If you don't want to wait for training to complete, I've pretrained a model for you. The following code will download it. Uncomment the last line if you want to use it instead of the model trained above.

In [19]:
# extra code – downloads a pretrained model
url = "https://github.com/ageron/data/raw/main/shakespeare_model.tgz"
path = tf.keras.utils.get_file("shakespeare_model.tgz", url, extract=True)
model_path = Path(path).with_name("shakespeare_model")
shakespeare_model = tf.keras.models.load_model(model_path)

In [20]:
y_proba = shakespeare_model.predict(["To be or not to b"])[0, -1]
y_pred = tf.argmax(y_proba)  # choose the most probable character ID
text_vec_layer.get_vocabulary()[y_pred + 2]



'e'

# Generating Fake Shakespearean Text

In [21]:
log_probas = tf.math.log([[0.5, 0.4, 0.1]])  # probas = 50%, 40%, and 10%
tf.random.set_seed(42)
tf.random.categorical(log_probas, num_samples=8)  # draw 8 samples

<tf.Tensor: shape=(1, 8), dtype=int64, numpy=array([[0, 1, 0, 2, 1, 0, 0, 1]])>

In [22]:
def next_char(text, temperature=1):
    y_proba = shakespeare_model.predict([text])[0, -1:]
    rescaled_logits = tf.math.log(y_proba) / temperature
    char_id = tf.random.categorical(rescaled_logits, num_samples=1)[0, 0]
    return text_vec_layer.get_vocabulary()[char_id + 2]

In [23]:
def extend_text(text, n_chars=50, temperature=1):
    for _ in range(n_chars):
        text += next_char(text, temperature)
    return text

In [24]:
tf.random.set_seed(42)  # extra code – ensures reproducibility on CPU

In [25]:
print(extend_text("To be or not to be", n_chars=100, temperature=0.01))

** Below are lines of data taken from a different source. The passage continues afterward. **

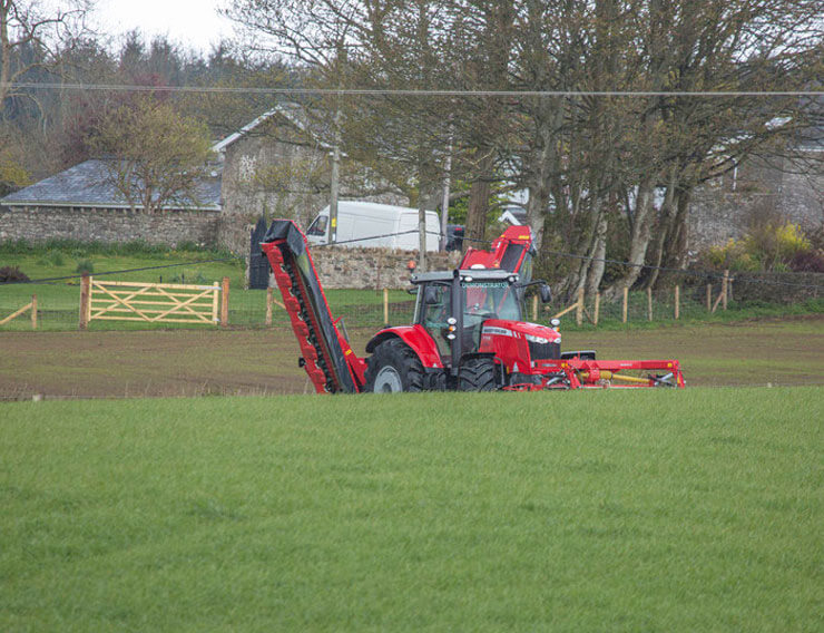 The rear mowers hydraulically fold up into a narrow, low profile transport position, allowing easy access to fields through narrow gates or on narrow roads where other mowers are too wide.
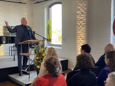 Marion Schunck-Zenker, Bürgermeisterin Linnichs, Sabine Verheyen, Schirmherrin und Mitglied des EU-Parlaments, hoben die Beudetung der Ausstellung und der Kultur hervor. Anna Polke, Tochter des Künstlers, gab einen Einblick in das Schaffen und den Werdegang ihres Vaters. Prof. Barbara Schock-Werner berichtete, wie Richter das Fenster im Dom gestaltete. „Wir danken der Museumsleiterin Luzia Schlösser und allen Beteiligten für diese wunderbare Ausstellung“, betont der Landrat. Sie gab einen umfassenden Einblick in die Kunstwerke aller Rebellen und Rebellinnen.
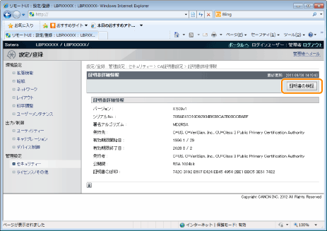 証明書を検証するときは、[証明書の検証]をクリックします。
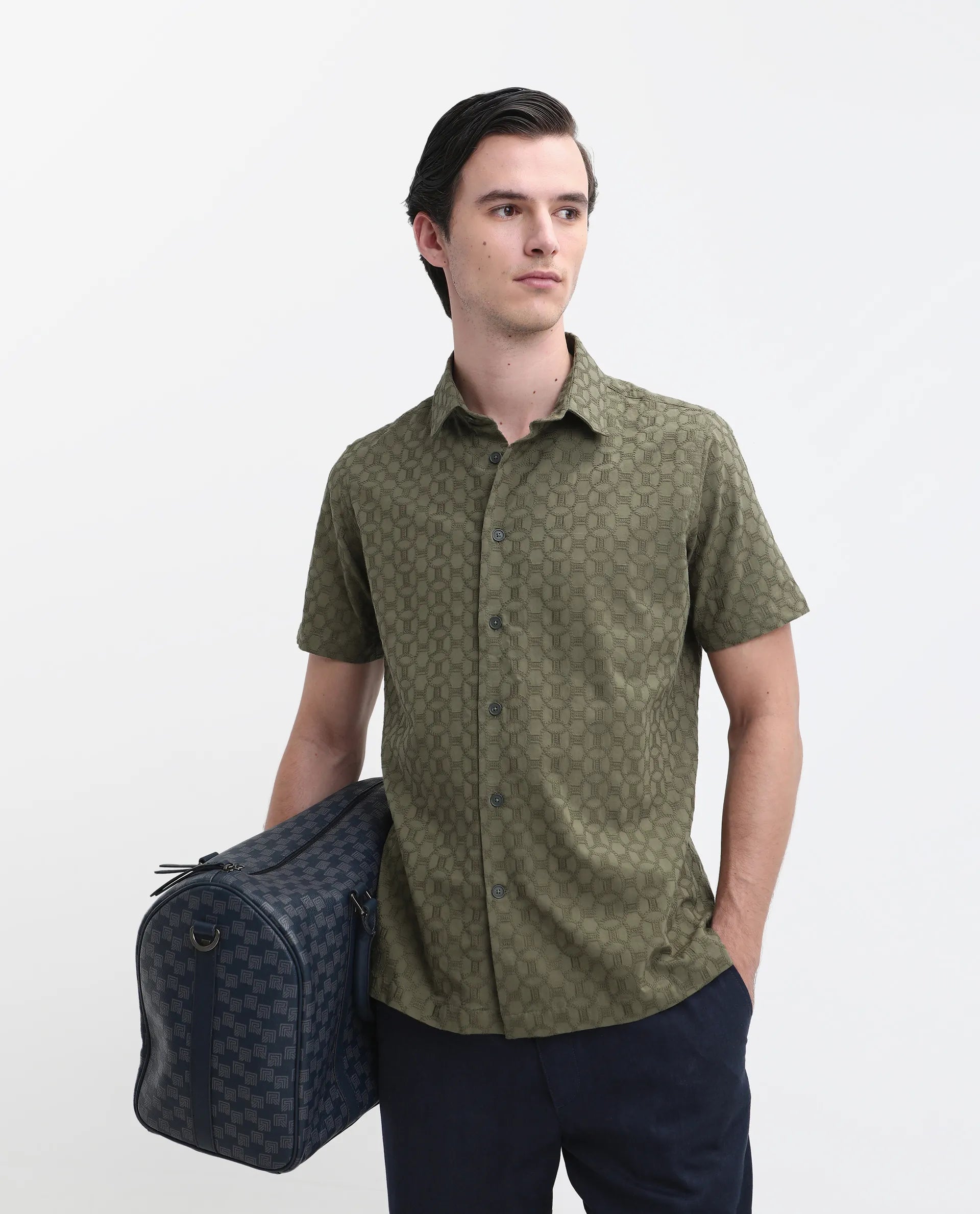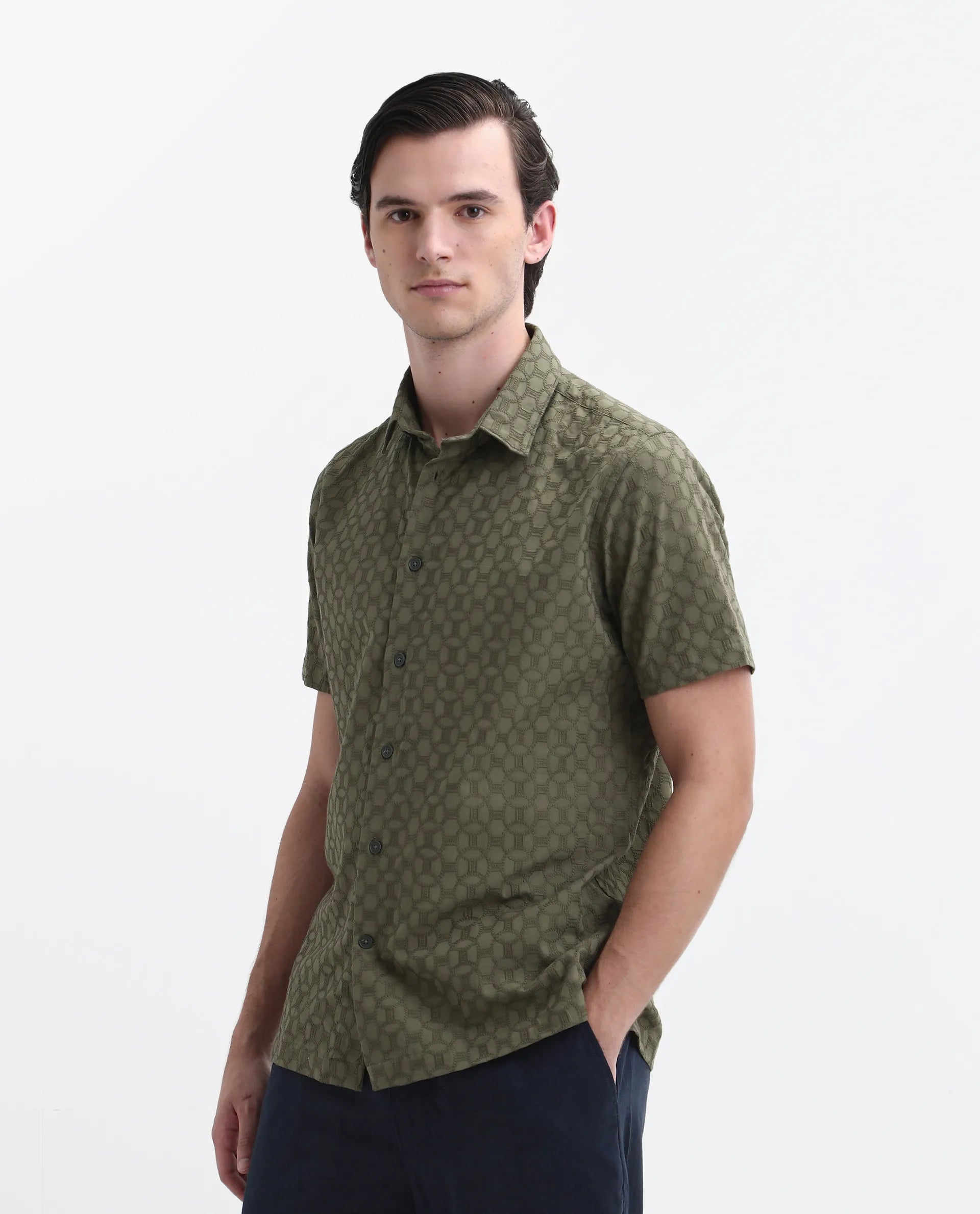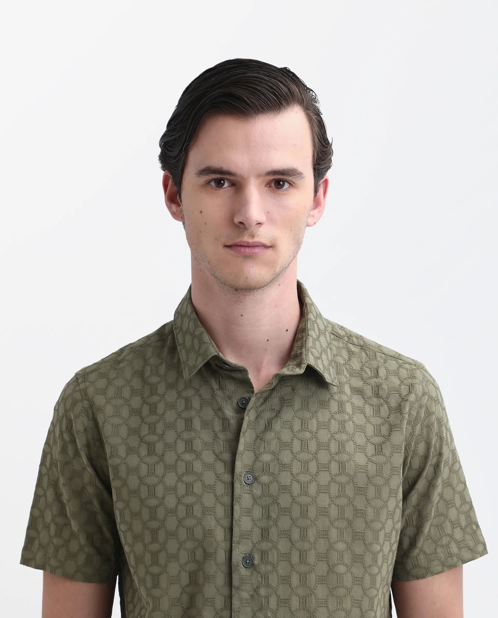 This mens shirt from RARE RABBIT carries a contemporary and minimal charm. Its neat styling keeps the outfit looking fresh and composed. A reliable pick for someone who prefers a soft, modern aesthetic.

To be or not to be the duke
as it is a proper strange death,
and then the sea to the death, and the duke and the death


In [None]:
print(extend_text("To be or not to be", temperature=1))

In [None]:
print(extend_text("To be or not to be", temperature=100))

# Sentiment Analysis

Generating text can be fun and instructive, but in real-life projects, one of the most common applications of NLP is text classification - especially sentiment analysis. The IMDb dataset consists of 50,000 movie reviews in English (25,000 for training, 25,000 for testing) extracted from the famous Internet Movie Database, along with a simple binary target for each review indicating whether it is negative (0) or positive (1).

Let’s load the IMDb dataset using the TensorFlow Datasets library. We’ll use the first 90% of the training set for training, and the remaining 10% for validation:

In [26]:
import tensorflow_datasets as tfds

raw_train_set, raw_valid_set, raw_test_set = tfds.load(
    name="imdb_reviews",
    split=["train[:90%]", "train[90%:]", "test"],
    as_supervised=True
)
tf.random.set_seed(42)
train_set = raw_train_set.shuffle(5000, seed=42).batch(32).prefetch(1)
valid_set = raw_valid_set.batch(32).prefetch(1)
test_set = raw_test_set.batch(32).prefetch(1)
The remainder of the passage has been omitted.